And was it in fact directly overhead last night, near the beginning of the eclipse?

It sure looked like it was to me – though I didn’t take any measurements because I was only wearing my pajamas, my coat, and my slippers as I stood in the freezing cold on the snow-free but still-frozen concrete walk in front of our south-facing, Northeast DC  house.

[Yeah, I was being wimpy, only going out twice all night to look at the eclipse, but I was really tired, and I had to get up in the morning to give a full day’s guest lesson on astronomy to four, 70-minute middle school classes for a fellow teacher, so it was kind of  out of the question to stay up all night. (There is no way I could have followed through with the lessons if I had!)]

Maybe I’m just weird, but I have from time to time noticed, and marveled at, the fact that during the winter, the moon at times appears like it’s almost directly overhead. Let me emphasize that: to my unaided, subjective vision, without taking the trouble to measure it, during the winter, the moon sometimes appears to me to be directly overhead (at zenith).

However, everything I know about astronomy of the solar system tells me that this is probably impossible, simply because we do not live in the Tropics (with a capital T: the zone between the Tropic of Cancer and the Tropic of Capricorn). That’s the only part of our planet where the sun is ever directly overhead. (Don’t believe me?
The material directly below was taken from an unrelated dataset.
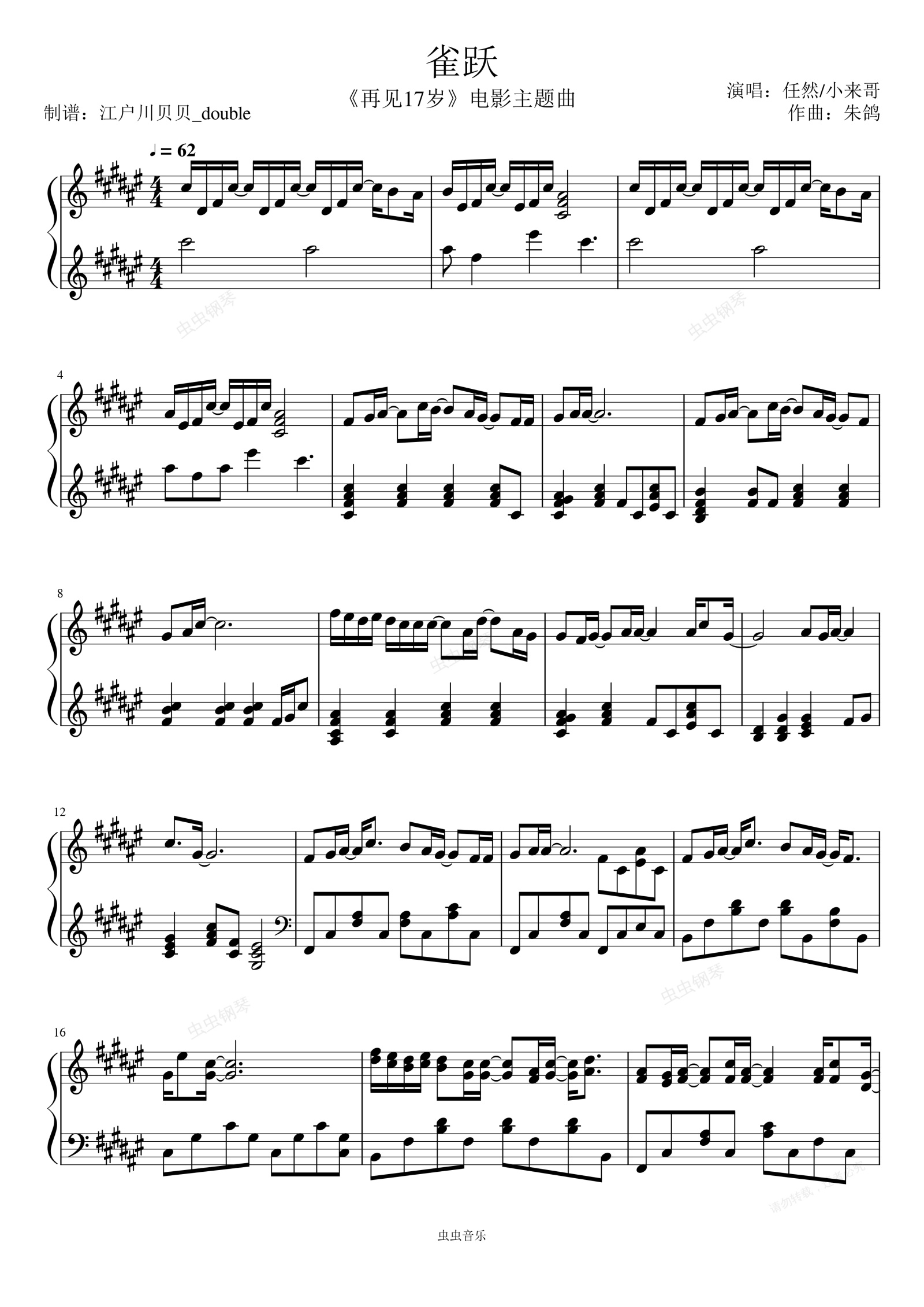 钢琴谱:【再见17岁】《雀跃》(任然/小来哥)
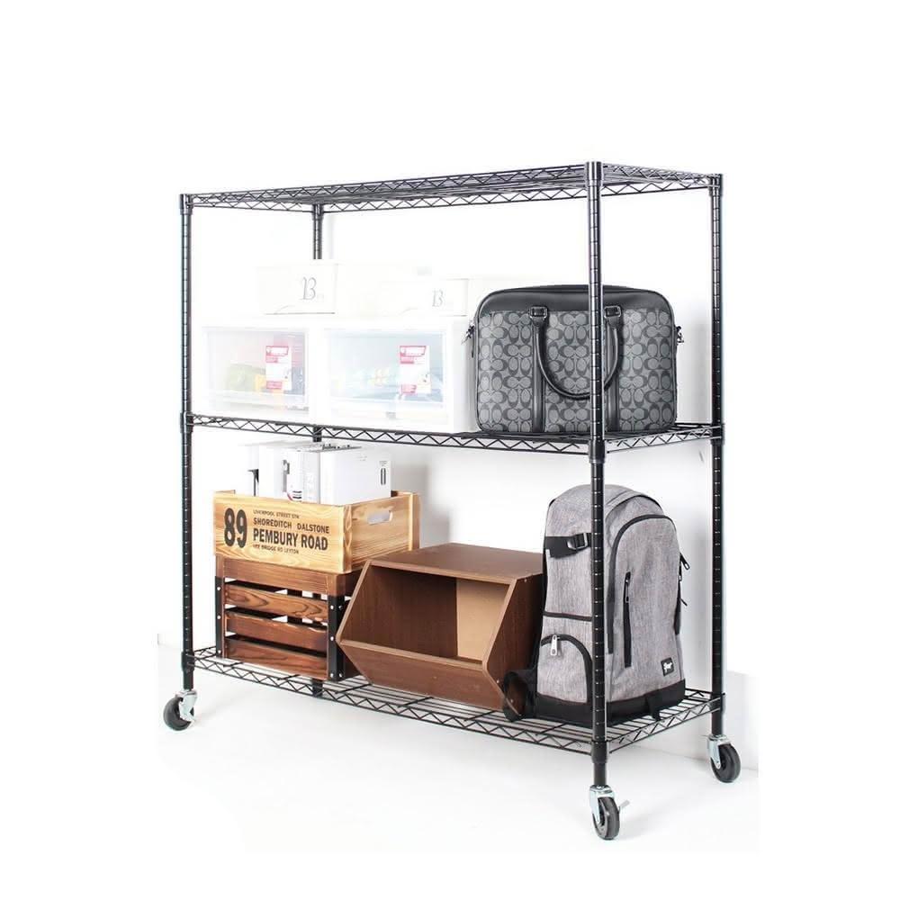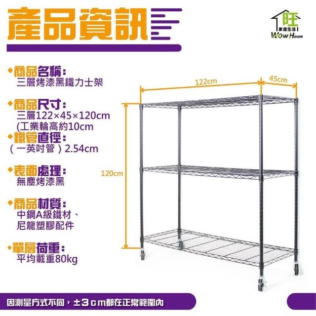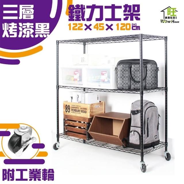 旺家居生活鐵力士架 烤黑122x45x120cm三層架 附工業輪《免運費》置物架 烤黑鐵架 波浪架 收納架 收納櫃《旺家居生活》

Use your internet resource skills and look it up. I’m not going to tell you just how to do that, because since you are reading this blog, you already know how.)
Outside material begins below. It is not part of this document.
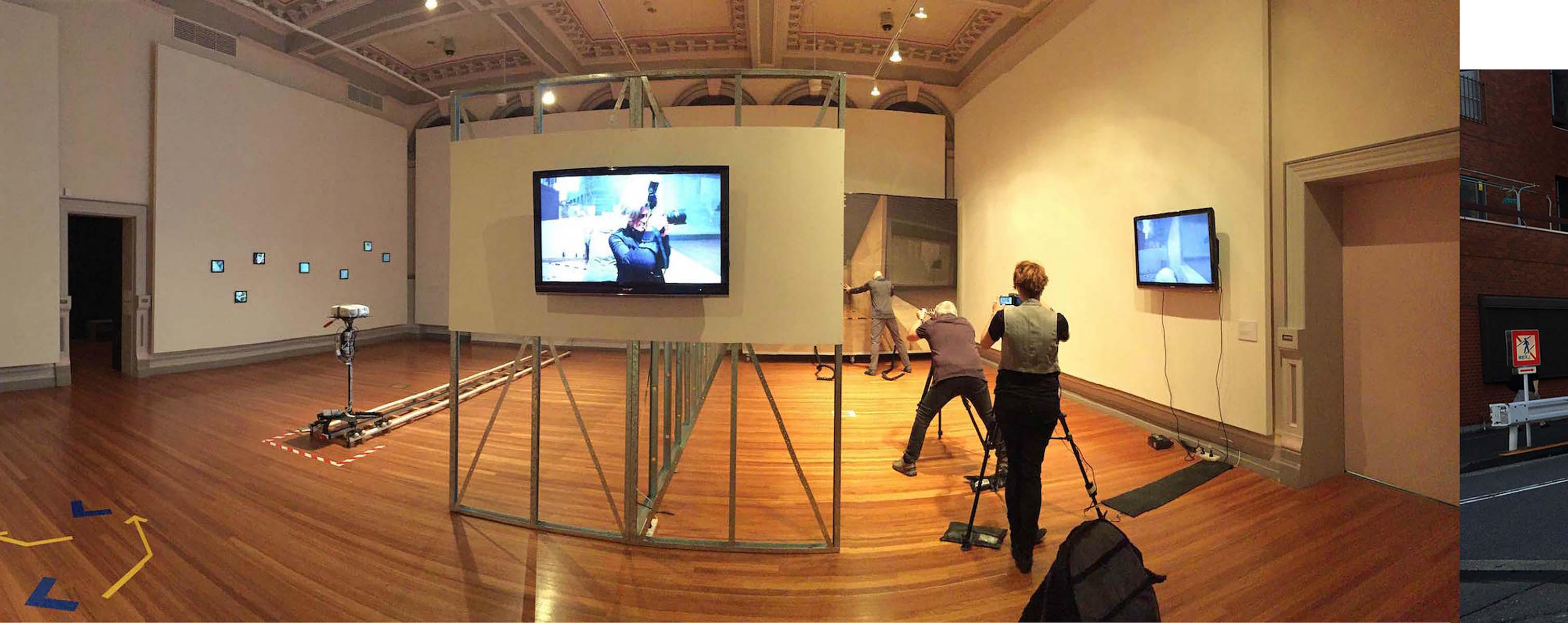 The collaborative artwork PAN & ZOOM has two distinct components that, together, interrogate the relationships between mobile media practices, aesthetics, and performances afforded through such media. PAN & ZOOM reflects and responds to cinematic references, historical photographic techniques, and new emerging entanglements of hybrid, low-tech, and high-tech assemblages of media and representation. While “mobile” media broadly encompasses audio-visual documentation, Internet enabled or interconnected systems, static and/or moving images, we focused on the aesthetic aspects that are widely practiced by users and consumers of mobile media. That is, the cinematic, photographic, and hybrid assemblages of media platforms and presentations. In this way, our artwork operates across and carves out distinctive spatio-temporal re-presentations of media that distort, skew, and, at times, unsettle the relationships between the participant and the artwork.

If you live in Washington,  the Sun will never appear directly over your house, no matter where you live in Washington, DC, and no matter how hot it may feel in the middle of summer.

And I figured that if the Sun and the Earth and the Moon were all aligned with each other, as in last night’s lunar eclipse, then the Moon would appear in our sky here in Washington as if it had simply traded places with the Sun for a while, and was at the same elevation. And that elevation just ain’t all that high.

Or so I thought.

Was I suffering from a version of the famous ‘moon effect’? (Which is a poorly-understood but almost-universal optical illusion about the apparent size of the moon,  a visual hallucination of sorts, caused by some internal human visual processing “bug” inside the various centers responsible for actually interpreting the photons and light waves that enter one’s eyes.)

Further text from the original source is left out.